1. Introduction
Ionic liquids (ILs), composed of organic cations and organic/inorganic anions, have been diffusely utilized in absorption and separation1, 2, synthesis3, catalysis4, 5 and electrochemistry6, 7 owing to their superior properties as gas solubility, thermal stability and low volatility. Density(ρ ) and viscosity (η ) are key process parameters required in a significant amount of applications such as chemical process simulation, equipment sizing, lubrication and refrigeration8, 9. On the other hand, some properties are often estimated in relation to these two basic attributes, such as heat capacity, speed of sound and surface tension. In face of the vast number of ILs, it is a hard task to experimentally measure the ρ and η at variable temperature and pressure of all ILs. Accordingly, computational tools are particularly important to fill the gap of ILs property database. Furthermore, computational methods are also valuable for the property-directed design of ILs.

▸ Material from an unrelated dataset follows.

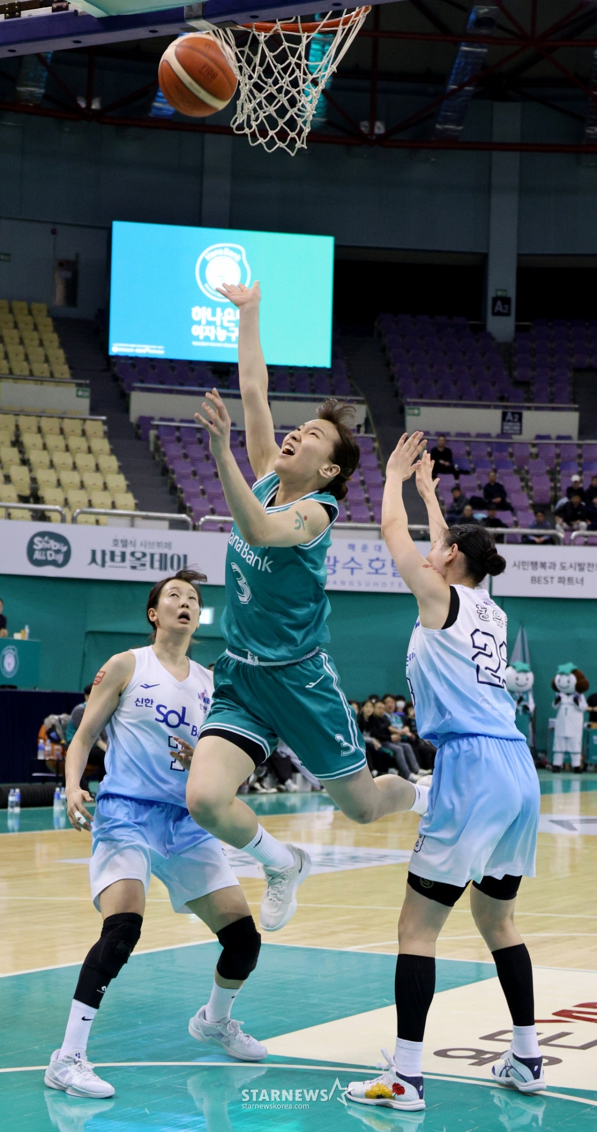 전광판엔 3분 25초를 남기고 47-35로 신한이 앞서있다

Quantitative structure-property relationship (QSPR) is one of the commonly used approaches to calculate the physical characteristics of chemical substances10, 11. Up to now, QSPR has been widely applied to the field of ILs, especially in the temperature and pressure-dependent property12-14. By combining group contribution (GC), Kamil Paduszyński15 built a QSPR model for estimating the ρ at different temperatures of ILs with the most comprehensive collection of data reported to date. In Das et al.’s investigation16, based on the multilayered variable selection strategy, a QSPR model was developed for predicting the η of ILs with Q 2LOO= 0.713. Mirkhani and Gharagheizi17 proposed a linear QSPR model for predicting the η of 293 ILs using Genetic function approximation for the model’s parameter selection withR 2training = 0.8096. In the process of establishing the QSPR model, validation is inevitable. The external validation and internal validation are usually adopted in most studies18, 19. Although a few QSPR models have been developed with external validation and internal validation for the temperature and pressure-dependent properties of ILs, the stability and reliable of QSPR are challenged.

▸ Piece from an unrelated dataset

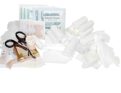 Wkład apteczny zawierający kompletne wyposażenie medyczne do udzielania pierwszej pomocy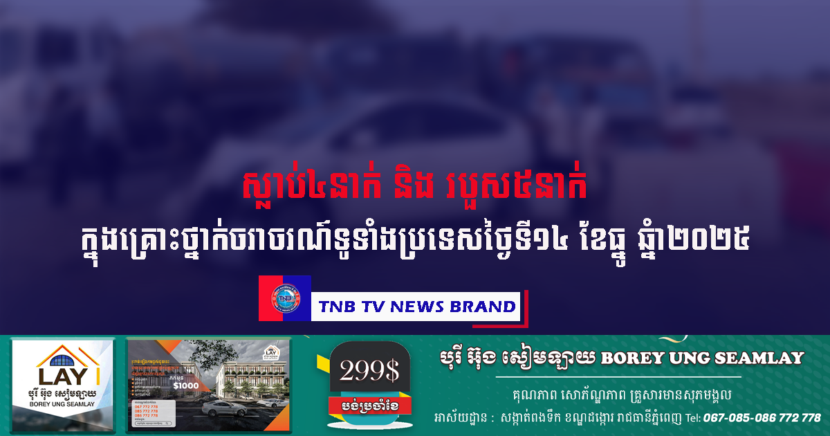 ស្លាប់៤នាក់ និងរបួស៥នាក់ ក្នុងគ្រោះថ្នាក់ចរាចរណ៍ទូទាំងប្រទេសថ្ងៃទី១៤ ខែធ្នូ ឆ្នំា២០២៥

Due to the special nature of ILs - consisting of both anions and cations - ILs with both cations and anions in the training set can be obtained directly from the contributions of both cations and anions. However, most studies ignored the criterion that both cation and anion of one IL in testing set should not both reappear in training set, otherwise, it will lead to “pseudo-high” accuracy for external and internal (Leave-one-out cross-validation, LOO-CV) validations. Recently, Makarov et al.20 analyzed the published QSPR models21, 22 for the melting point of ILs by the five-fold cross-validation (5-CV) and found that traditional validation method has “pseudo-high” accuracy. Nevertheless, for the temperature and pressure-dependent properties of ILs as ρ and η , the data points of ILs vary considerably with variable temperature and pressure. K-fold cross-validation (K-CV) is difficult to balance the distribution of data points under different types of ions. So, it is therefore necessary to establish an easy-to-implement internal validation method to efficiently and accurately evaluate the QSPR model. Furthermore, the stability of the QSPR model is also related by the veracity and distribution of the dataset. The authenticity of experimental data was evaluated in most previous studies15, 23-25, while the distribution of data points was ignored. For example, in the QSPR model of heat capacity developed by Sattari et al.26, 1528 data points were used for [C4mim][PF6], which account for 41% of the total dataset. Similarly, in our previous work on heat capacity QSPR model23, [C4mim][PF6] accounted for 21% of the total dataset. The QSPR model is usually established by the least square method, whose objective function is the minimum sum of error squares10. Thus, a balanced distribution of data points should be selectively collected. Further, in the case of temperature and pressure-dependent properties, the temperature and pressure terms are usually treated as constant terms for all ILs27, 28. The temperature and pressure terms are affected by the structure of IL based on the analysis of our previous works23, 29, 30, so it is necessary to introduce descriptors to temperature and pressure terms.
In this contribution, two f (T ,P ,I )-QSPR models for ρ and η were established by a method for a balanced distribution of data points and the treatment of temperature and pressure effects according to the structures of ILs. A novel internal validation method namely the leave-one-ion-out cross-validation (LOIO-CV) was proposed to handle the “pseudo-high” accuracy of LOO-CV for ILs. These models were also validated by the external validation, which follow the principle that cation and anion do not appear in the training set and testing set simultaneously. Analysis of the statistical results showed that two models achieved good predictive power as well as stability, which is an excellent guide for future rapid screening and design of functional ILs.